▶ [About this exercise]: Nothing but the lines from the one including "(图中内容:民族资产阶级产生" through the last line of the entries, restated exactly, should appear in the answer; omit the pictures.
Stored data Start Marker
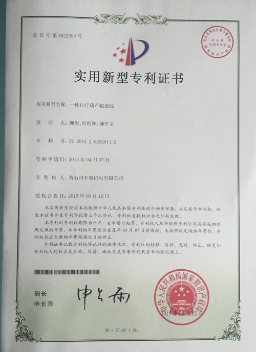 我公司“自行小車輸送系統(tǒng)”獲得國(guó)家專利。
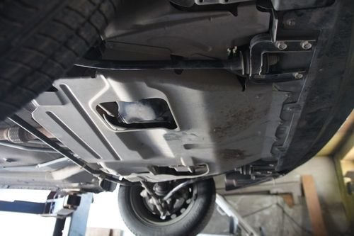 В рамках подготовки к плохим дорогам мы все же решились на установку защиты картера двигателя — слишком много рассказов о пробитых поддонах можно найти на страницах наших блогов. У дилера защиты, естественно, не оказалось. Была только для Калины, но она не совсем подходит. Мы ждали до последнего — якобы, контейнер с доп.оборудованием на Гранту уже идет во Владивосток, но увы. Поэтому пришлось обращаться в местный «джип-сервис», где за несколько часов ребята сварили нам защитную панель из 3-мм стали и придумали хитрый механизм крепежа.
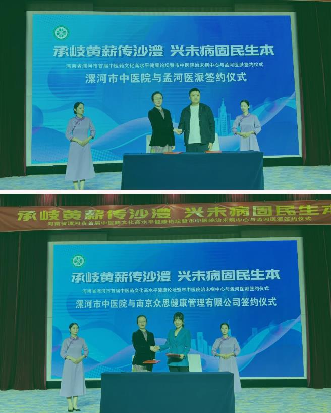 核心签约环节中,两项重磅合作相继落地:首先,杨轶书记代表漯河市中医院与孟河医派传承人、北京健源三堂医疗科技有限公司ceo张国栋签约,双方将在人才培养、专科建设、治未病服务等领域深度协作,依托在建的中医治未病中心,打造十大专病管理中心,让孟河医派学术精华在沙澧大地生根结果;紧接着,市中医院再与南京众思健康管理有限公司达成合作,杨轶书记与江苏梵音健康管理有限公司董事长、南京众思健康管理有限公司运营总监仉婷签约,双方将围绕母婴养护中心建设、产褥期中医膳食营养等方向展开合作,进一步丰富漯河中医药服务内涵。
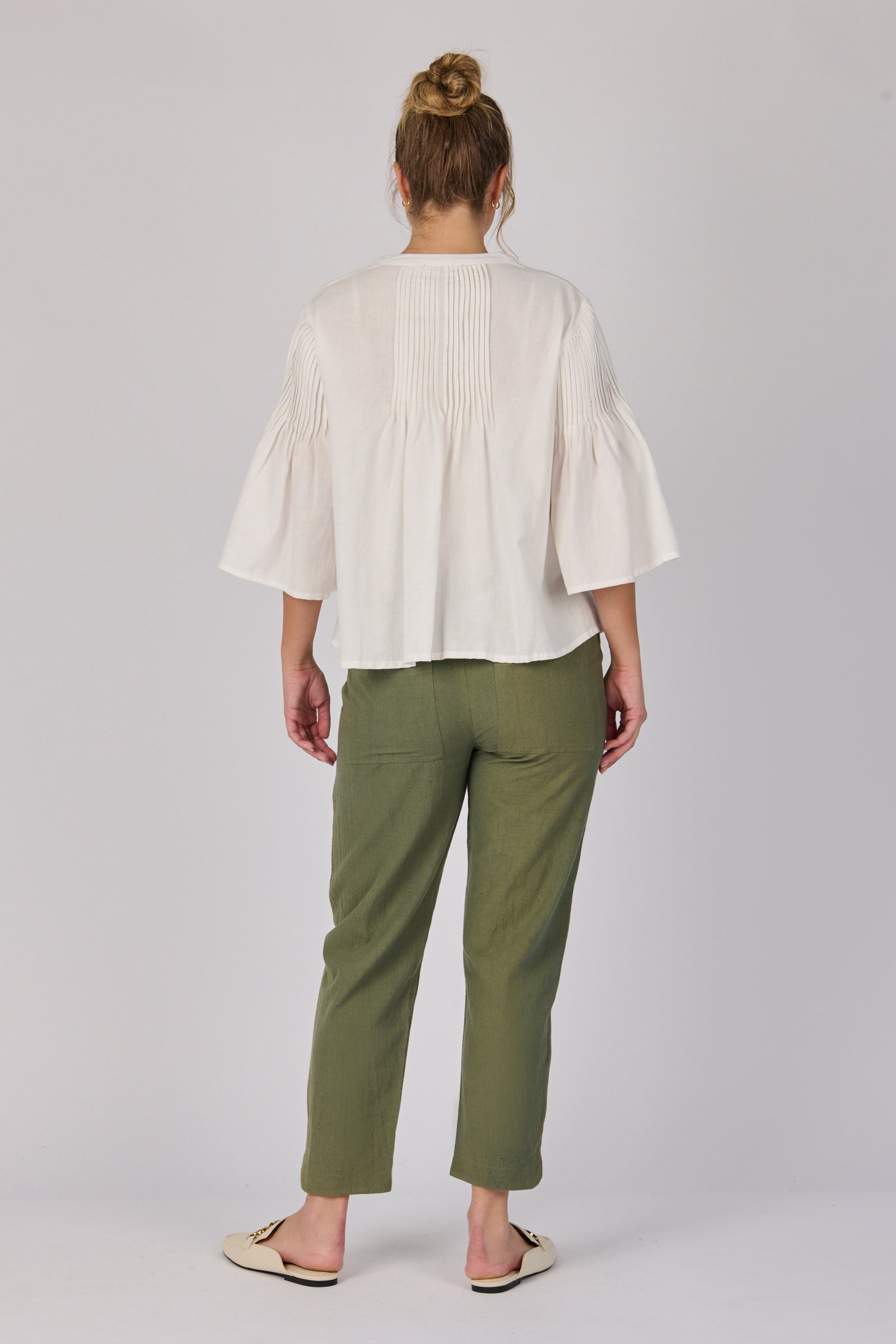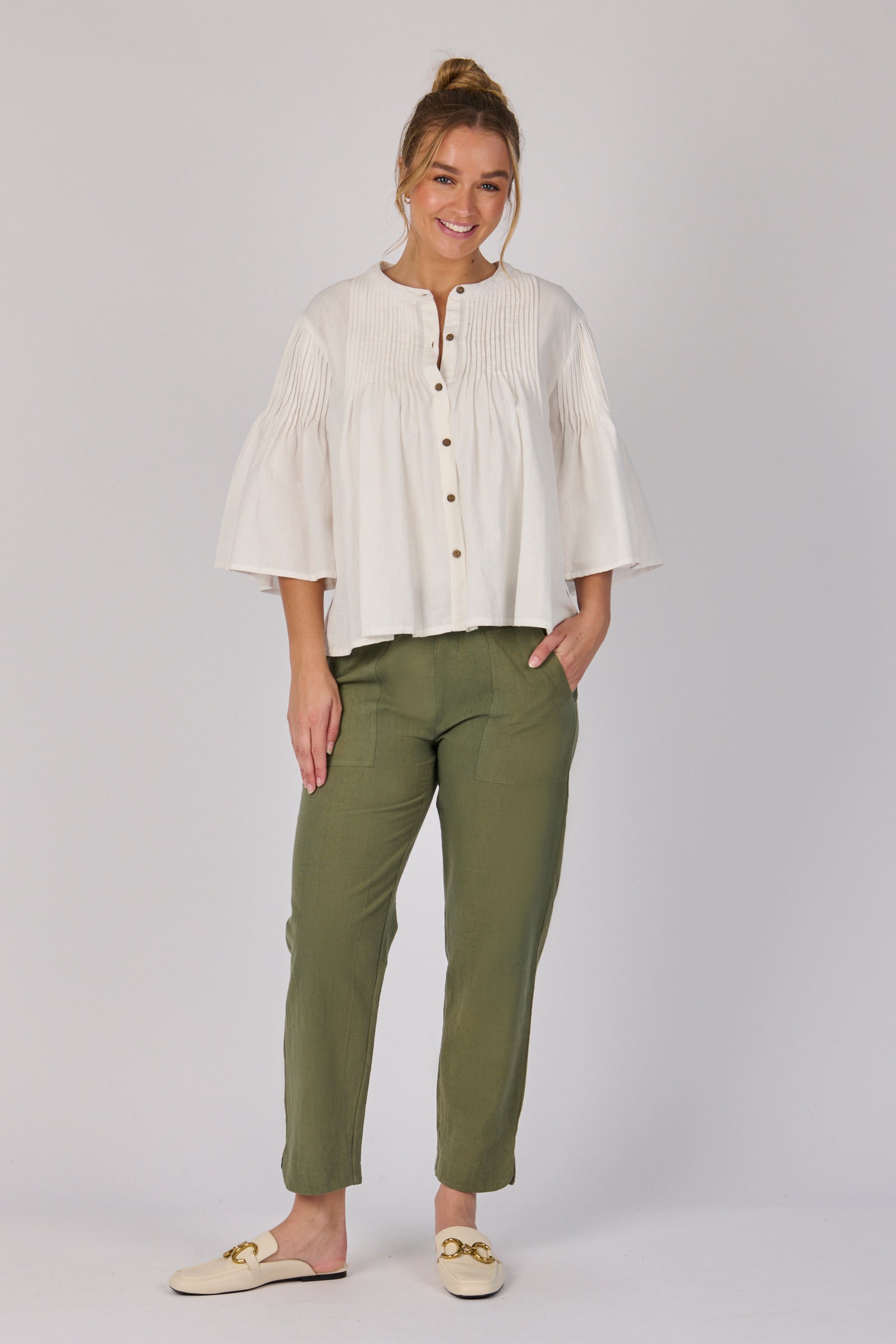 Elevate your everyday wardrobe with this refined pleat front blouse in a warm wheat tone. The structured pleating at the front adds subtle dimension and visual interest, creating a polished silhouette that transitions seamlessly from office to weekend. Crafted for comfort and style, this versatile piece pairs effortlessly with tailored trousers, skirts, or denim. A timeless essential that brings understated elegance to any occasion.
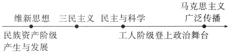 (图中内容:民族资产阶级产生与发展→维新思想→三民主义→民主与科学→工人阶级登上政治舞台→马克思主义广泛传播)
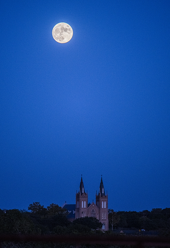 Tonight’s moonrise photos are in the northern part of Williamson County, Texas. It’s a Waxing Gibbous moon, almost full at 99.4% visibility. The opening photo shows a Texas Century Farm, a farm that has been in the same family for at least 100 years. This is a little north of Walburg. A bit further north is Holy Trinity Catholic Church of Corn Hill, its twin spires visible for a few miles.
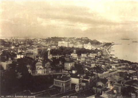 296 - FOTOGRAFIAS (03) Lapa e Rio Branco, tendo como fundo o Morro do Castelo (01) - Leme (01) - Glória (01) - Início do século - Fotos Bippus - Emoldurados. |
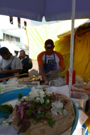 たくさんの人が集まっている屋台があった。覗いて見るとやっぱりタコスだ。こんなにたくさん集まっているのだからきっと美味いのだろう。1つ食べてみることにする。15ペソ。美味いな。
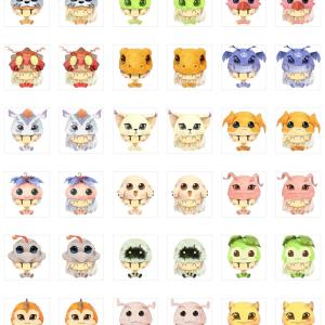 处于幼年期及成长期的数码兽萌化成卡通帽子,梁阿渣《数码宝贝》主题情侣头像。
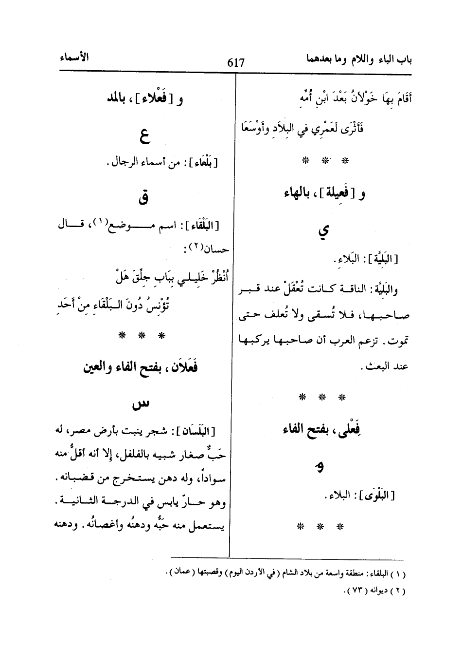 (1) البلقاء: منطقة واسعة من بلاد الشام (في الأردن اليوم) وقصبتها (عمان).
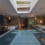 When going up the stairs to the second level you will find the original lighting cube. With the project modifications it was necessary to give the kitchen natural lighting, so this space was used with a new value creating a sculpture of wire woven as fish made by artist Girasol Botello. On the third level, going out the lift, there is a glass bridge connecting the private rooms.
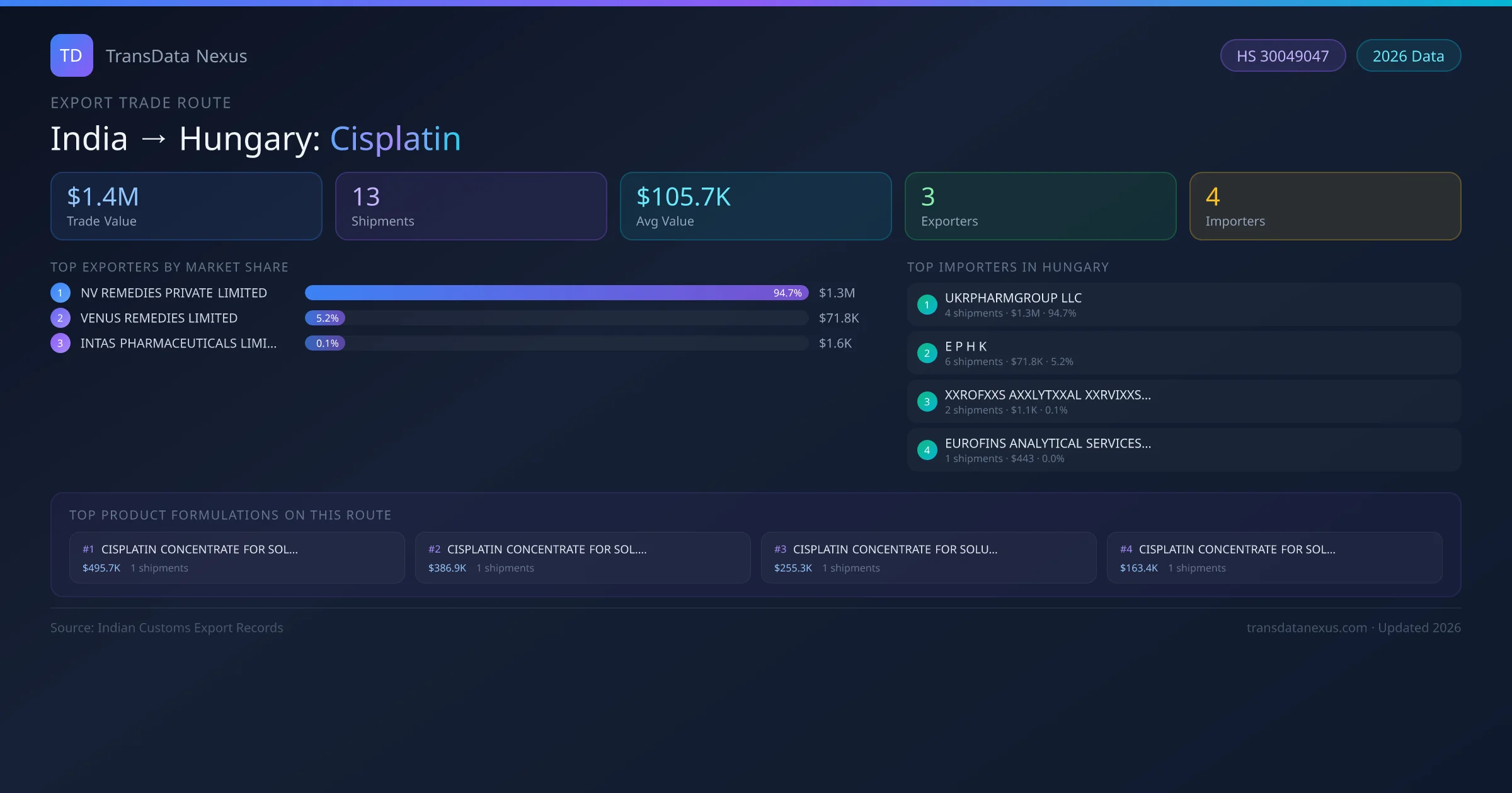 - 1.Route Identification: India to Hungary export trade corridor identified from Indian Customs (DGFT) records for Cisplatin.
Stored data End Marker
▶ [Result]:
 (图中内容:民族资产阶级产生与发展→维新思想→三民主义→民主与科学→工人阶级登上政治舞台→马克思主义广泛传播)
 Tonight’s moonrise photos are in the northern part of Williamson County, Texas. It’s a Waxing Gibbous moon, almost full at 99.4% visibility. The opening photo shows a Texas Century Farm, a farm that has been in the same family for at least 100 years. This is a little north of Walburg. A bit further north is Holy Trinity Catholic Church of Corn Hill, its twin spires visible for a few miles.
 296 - FOTOGRAFIAS (03) Lapa e Rio Branco, tendo como fundo o Morro do Castelo (01) - Leme (01) - Glória (01) - Início do século - Fotos Bippus - Emoldurados. |
 たくさんの人が集まっている屋台があった。覗いて見るとやっぱりタコスだ。こんなにたくさん集まっているのだからきっと美味いのだろう。1つ食べてみることにする。15ペソ。美味いな。
 处于幼年期及成长期的数码兽萌化成卡通帽子,梁阿渣《数码宝贝》主题情侣头像。
 (1) البلقاء: منطقة واسعة من بلاد الشام (في الأردن اليوم) وقصبتها (عمان).
 When going up the stairs to the second level you will find the original lighting cube. With the project modifications it was necessary to give the kitchen natural lighting, so this space was used with a new value creating a sculpture of wire woven as fish made by artist Girasol Botello. On the third level, going out the lift, there is a glass bridge connecting the private rooms.
 - 1.Route Identification: India to Hungary export trade corridor identified from Indian Customs (DGFT) records for Cisplatin.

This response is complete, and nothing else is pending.